DHS Bureaucrat Watch List

TARGETS

Matthew Emrich

Salary:
Grade:
U.S. Citizenship and Immigration Services (USCIS)
Associate Director of Fraud Detection and National Security Directorate - USCIS

Matthew Emrich's

Partisan Political Activities

Matthew Emrich's

Notable Financial Relationships

Matthew Emrich's

Notable Prior Employment History

U.S. Department of Homeland Security – 2003 – Present

U.S. Immigration and Naturalization Service – 1997 – 2003

Admitted DHS Cannot Properly Vet Syrian Refugees

In March 2015, Mr. Emrich testified before the U.S. Senate’s Judiciary Committee about a variety of issues related to the Syrian Civil War. During this discussion, Mr. Emrich was unable to answer questions from Senator Jeff Sessions about how the Department of Homeland Security vets Syrian refugees.

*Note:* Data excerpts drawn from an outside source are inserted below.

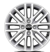
Jante aliaj 15"
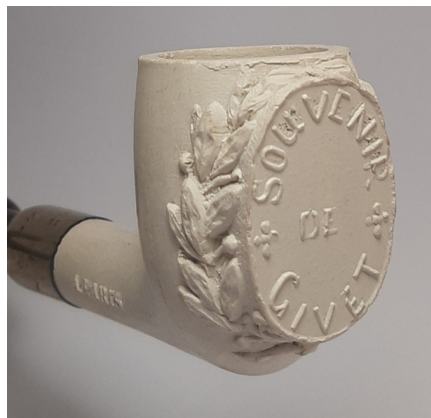
Afb. 3. Tête droite met de tekst 'Souvenir de Givet'. Modelnr. 2026.
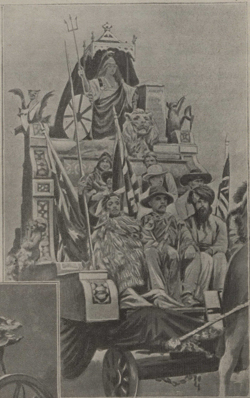
La cavalcade du lord-maire : char de la Grande-Bretagne et de ses colonies.

A midi, le cortège quitte le Guildhall, précédé de musiques militaires. Les pompiers et leurs engins automobiles ouvrent la marche; viennent ensuite les représentants des corporations, bannières en tête, un canot de sauvetage traîné sur un chariot par six chevaux; puis, chargés de figurants aux costumes bariolés, les inévitables chars allégoriques, notamment celui de l'"Empire", où l'imposante "Britannia", déesse casquée, occupe un trône gothique. Le lion britannique est couché à ses pieds; dans sa main droite, elle tient un trident, tandis que sa main gauche s'appuie sur une Bible; elle domine le groupe obligatoire des colonies anglaises.
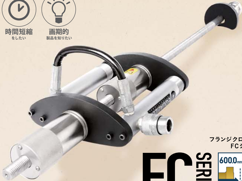
フランジクローザー FCシリーズ
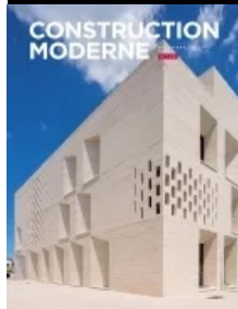
Cet article est extrait de Construction Moderne n°146

Maître d'ouvrage : Thau Agglo - Assistant maîtrise d'ouvrage HQE® : Aubaine - Maître d'œuvre : Tautem architecture, Dominique Delord et Jacques Garcin architectes mandataires ; bmc2, Arnaud Bical et Laurent Courcier architectes associés ; Julien Gavet, chef de projet - BET structure ; Charles Portefaix - Entreprise gros œuvre et serrurerie ; Aracadi PLA - Surface : 2 241 m 2 SHON + 650 m 2 de parking - Coût : 5,3 M€ HT (hors mobilier, valeur 2012) - Programme : médiathèque, ludothèque, auditorium, parking.
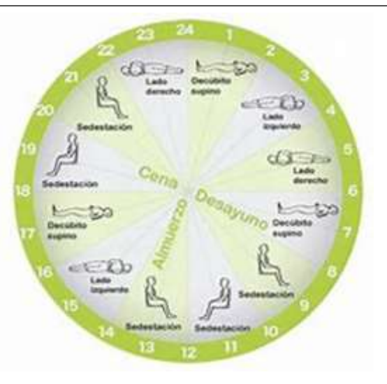
Sistema de Clasificación de las Úlceras por Presión
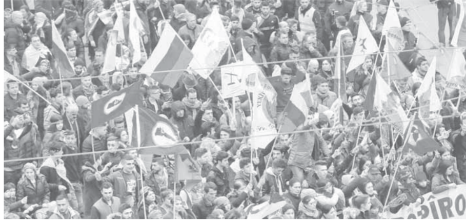
تظاهرة قام بها الأكراد في فرانكفورت، ألمانيا

أكد الناطق أن رأس السنة الكردية (النوروز) الذي يصادف الثلاثاء استخدم «ذريعة» لتظاهرة كردية. وكان الناطق باسم الرئاسة التركية قال في بيان إن تركيا «تدين بأشد العبارات» السماح بهذه التظاهرة، وأضاف: «من غير المقبول رؤية رموز وشعارات حزب العمال الكردستاني (...) على حين يمنح وزراء وبرلمانيون أتراك من الاجتماع مواطنيهم»
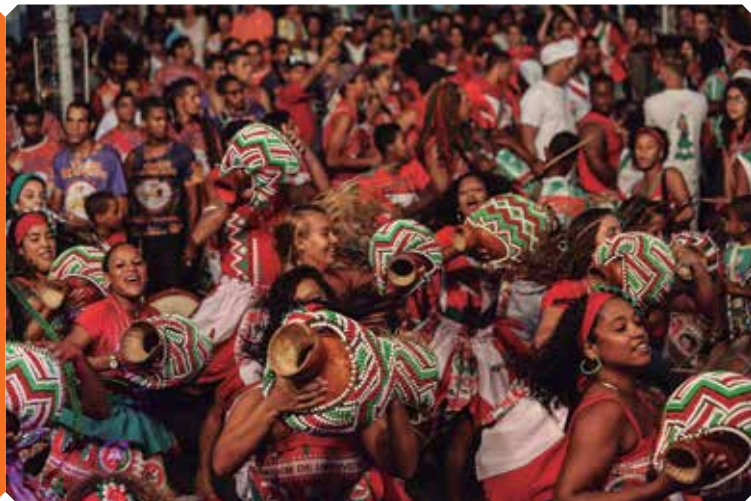
Ensaio de Maracatu
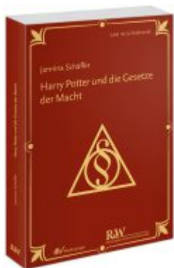
Harry Potter und die Gesetze der Macht Ladenpreis: 50,40EUR
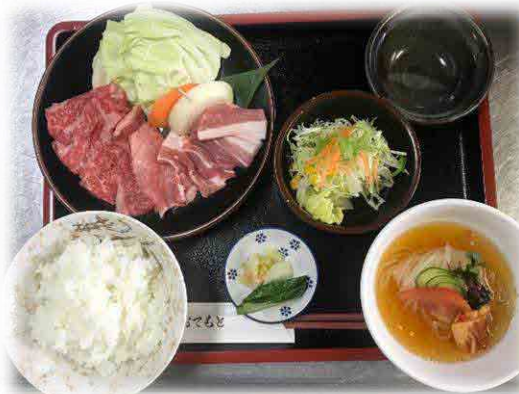
焼肉 頓珍館 最大受入人数50席 【米沢牛又は山形牛と 三元豚カルビの焼肉膳】
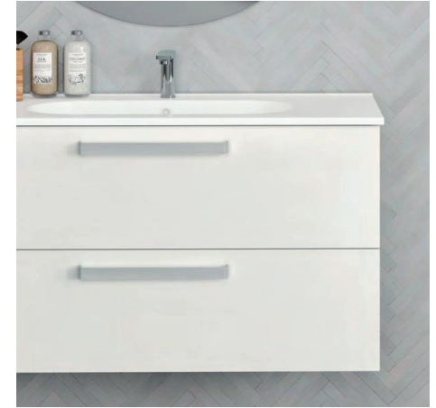
9034 Tirador Inox Mate / Inox Matt Handle

8735 Mb BONDI 100 2C 3806 Lav ADA 100 7215 Esp LISS 90 9032 Tirador BONDI Blanco
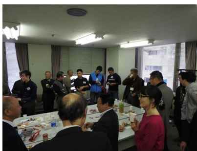
写真 1 3
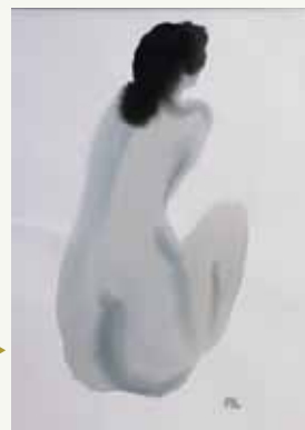
▶ Dechko Ouzunov. Nude. 1950s, aquarelle
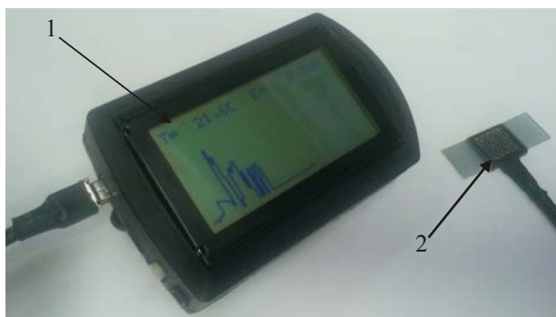
Рис.1. Електронний реєстратор з обробкою сигналів термоелектричного сенсора теплового потоку: 1 - електронний реєстратор, 2 – термоелектричний сенсор

Блок-схема приладу (рис.2) складається з таких функціональних вузлів: термоелектричний сенсор із вбудованою термопарою для вимірювання теплового потоку і температури тіла людини, підсилювач сигналу термопари з компенсатором температури навколишнього середовища, аналогово-цифрові перетворювачі (АЦП) для перетворення аналогових сигналів сенсора у цифрові, блок обробки цифрових сигналів для збереження і графічного відображення даних на дисплеї.
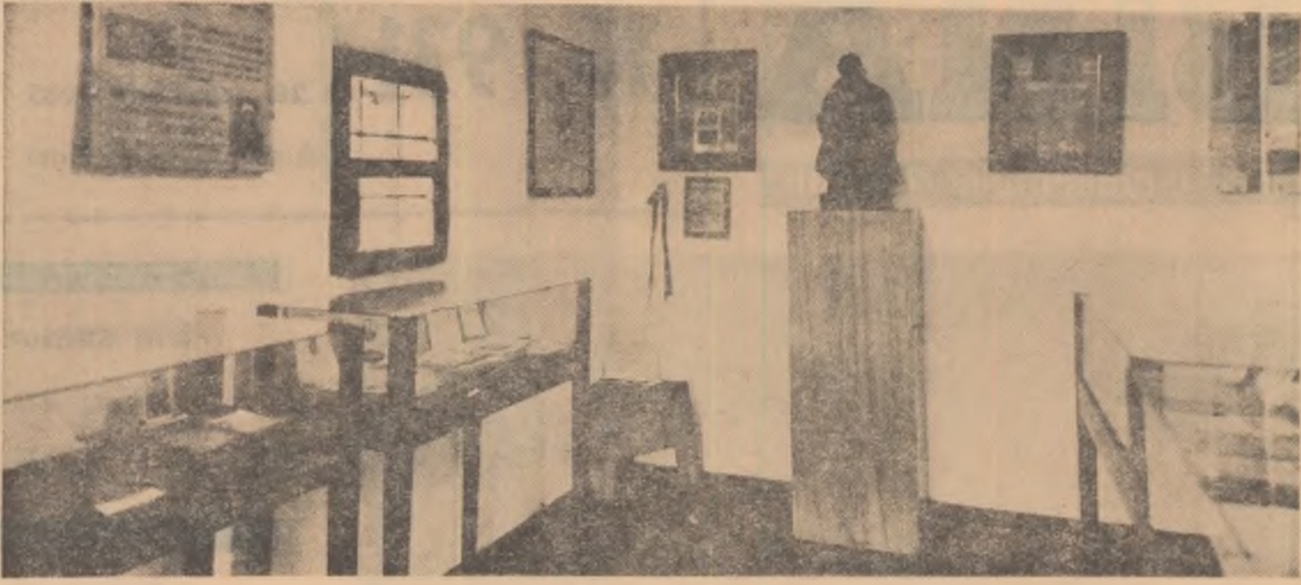
Interior din Casa memorială „Ion Creangă” din Humulești
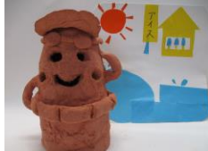
4年「おどるハニワッチ」
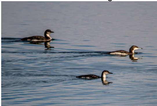
Prachtaucher am Starnberger See

Prachtaucher: Regelmäßig am Starnberger See zu beobachten. 33 Individuen bei der Wasservogelzählung Mitte des Monats. Ansonsten fast täglich Meldungen über Prachtaucherbeobachtungen von vielen Beobachtern.
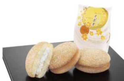
亀屋万年堂「ナボナ」
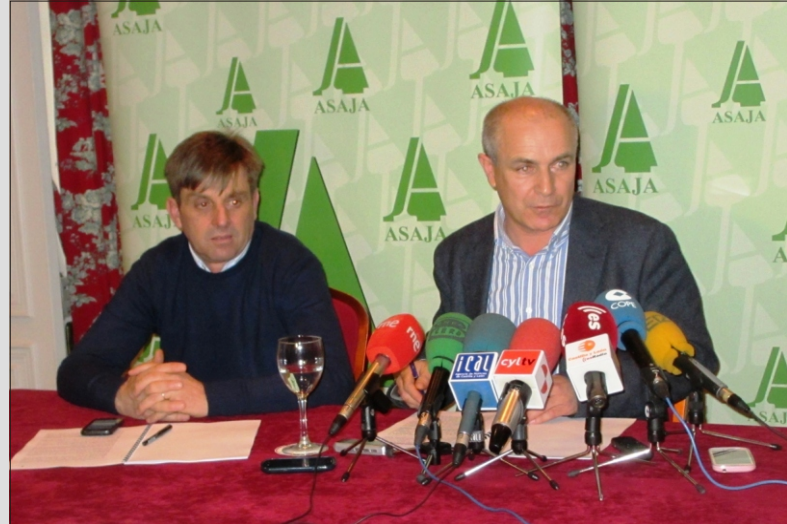
Presentación Anuario 2013

El documento es muy valorado por los medios de comunicación por la abundancia de datos y el rigor de los mismos y de su contenido se dio amplia difusión en los periódicos, las emisoras de radio, la televisión local y los medios digitales. Se puede consultar en la web de ASAJA León..
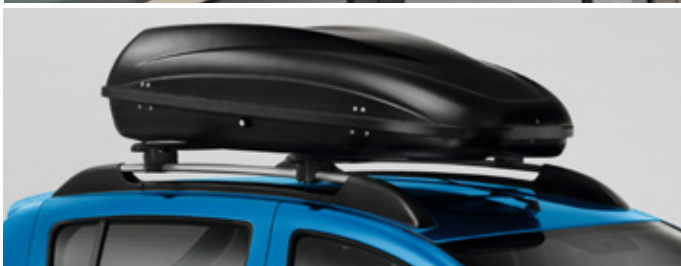
Acél tetőrúd, merevfalú tetőbox 93 990 Ft
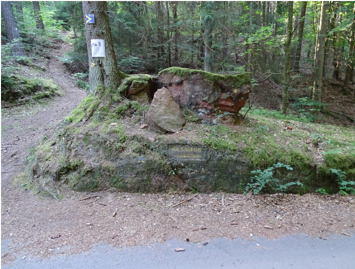
Ritterstein Nr. 48 Wolfsgrub 105 Schr. bei Wilgartswiesen (2020)
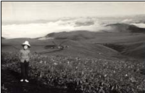
昭和20年頃 車山肩
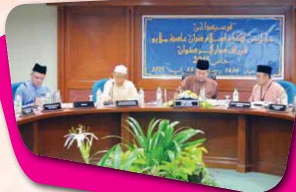
Persidangan Khas MAIPK 2015 pada 23 Mei 2015
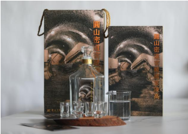
圓山密道窖藏陳高 售價$2500
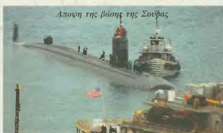
Αστυνή της βάσης της Σουδίας

Στη Σουδία από τις 20 Γε-ναρίου 2003, που άρχισε η κλιμακώση της κρίσης, μέχρι τις προηγούμενες μέρες, στη μεν αεροπορική βάση είχαν προσηγεί 1.726 με-ταγωγικά και 193 μαχητικά αεροσκάφη, αμερικανικά και βρετανικά. Στη δε ναυτική βάση της Σουδίας ελλιμενίστηκαν μέσα στο Φλεβάρη 86 «ομμαχηκά» πολεμικά πλοία, ανάμεσα τους πυρηνόκλινητα αεροπλανοφόρα και υποβρυχία, ενώ από την 11η Σεπτεμβρίου 2001 έχουν ελλιμενιστεί 616 πολεμικά πλοία, από τα οποία τα 269 αμερικανικά.
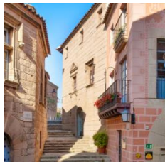
J (zona mediterránea)
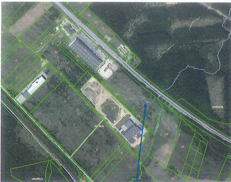
I pav. Situacijos schema. Nagrinėjamas sklypas

Detalusis planas įregistruotas LR teritorijų planavimo dokumentų registre, Nr. T00043308.

Sessions: Allowing this dangerous humanitarian disaster to occur. I just would say I think we have to ask those questions and about who we are going to serve and whose interest we are trying to serve. Now, Mr. Emerich, can you name a single computer database outside of maybe some very, very small but significantly valuable intelligence databases for Syria that you run a check against? Does Syria have any that you can access?
Emrich: Well, the government of Syria does not, no, sir.
Sessions: All right. So, fundamentally they're the ones that keep records. We keep them in the United States on people who are arrested and so forth. But they don't keep -- they don't -- you don't have access to any if they exist in Syria?
Emrich: As -- as Ms. Strack mentioned, in most cases these individuals do have documents from Syria. We do have various ways of identifying those documents, as she described our officers are trained in fraud detection. And I would be happy to -- we'd be happy to brief you in another setting on some of the ways that we have to do this.
Sessions: I'm asking you to be -- talk to the American people. The American people are asking you a question. I read what the FBI director said. He said there's no database to check. He suggests there's no way that they can get sufficient information on -- and implies substantial majority of these persons. Aren't you left to basically looking at whatever document they produce in conducting an interview?
Emrich: I can assure the American people that we have a robust series of screening measures here that encompass the wide range of U.S. Government resources that involve U.S. law enforcement agencies and intelligence community members, that these processes and these screening measures are constantly reviewed, that we are continuously looking at ways to improve these, that they incorporate both biometric and biographic checks. They incorporate an in-depth interview with a trained U.S. Government officer. They involve an additional interview -- or inspection, rather, when the person presents himself or herself at the U.S. port of entry.
...
Sessions: I've been in law enforcement 15 years. I know how the national crime information center works. I know how you run background checks, Mr. Emerich. There's no way you can do background checks of any significance. I'm sure we have some intelligence data on a number of people throughout the region. And if you get a hit on that, I'm sure you would reject them. But you have only a minuscule number of people that have been identified I'm sure in that fashion. And I don't believe you can make -- you can tell us with any certainty that you have an ability to conduct an efficient background check. And let's say you have no information. Let's say there's a question, do you have any ability to send an investigator to Iraq to check and see if the person actually lived on this street, actually had the job he claims to have had?
...
Emrich: While we do not have the ability to send an investigator to Syria, we do have resources we can use to verify various elements of someone's testimony and story.
Sessions: Well, I'm sure there are things you could do. But are you telling us you can do that for a majority of the people that you interview? Do you have the ability for a majority of the people you interview to have independent data of value to help identify them?
Emrich: We in many cases are able to find independent data
Sessions: Many cases. I asked you a majority.
Emrich: I cannot quantify. I have seen.
Sessions:  More or less -- 20% or 80% you get positive data from? Can you tell us? Is it less than20 or more than 80?
Emrich: I can't give you -- give you a number.
Sessions: Well, the reason is you don't have the ability. I wish you did, but you don't.

(Source)

Unable to Identify Fake Addresses in Pakistan

In a 2017 hearing, also in the U.S. Senate’s Judiciary Committee, Senator Cruz asked Mr. Emrich about the Department’s inability to identify the 2016 San Bernadino bomber despite numerous red flags.  Mr. Emrich admitted that the department was incapable of determining the veracity of its own immigration data.

CRUZ: Do we know why the fake address in Pakistan was not found?
EMRICH: We do not have -- as Mr. Neufeld mentioned earlier in regards to -- to marriages, we do not have robust infrastructure overseas that -- that -- that is in place to verify addresses. We do use a process through both our -- we have for officers overseas, both through them, and through Department of State.
We can request overseas verifications in locations where we don't have personal; the Department of State will go out and verify addresses. When there are indications of fraud, but the infrastructure is not in place todo that on a --on a -- on a mass scale.

(Source)

Matthew Emrich again admits that there are massive blind spots in USCIS’ data with respect to vetting people arriving from overseas –particularly in countries with less-than-friendly relations with the United States.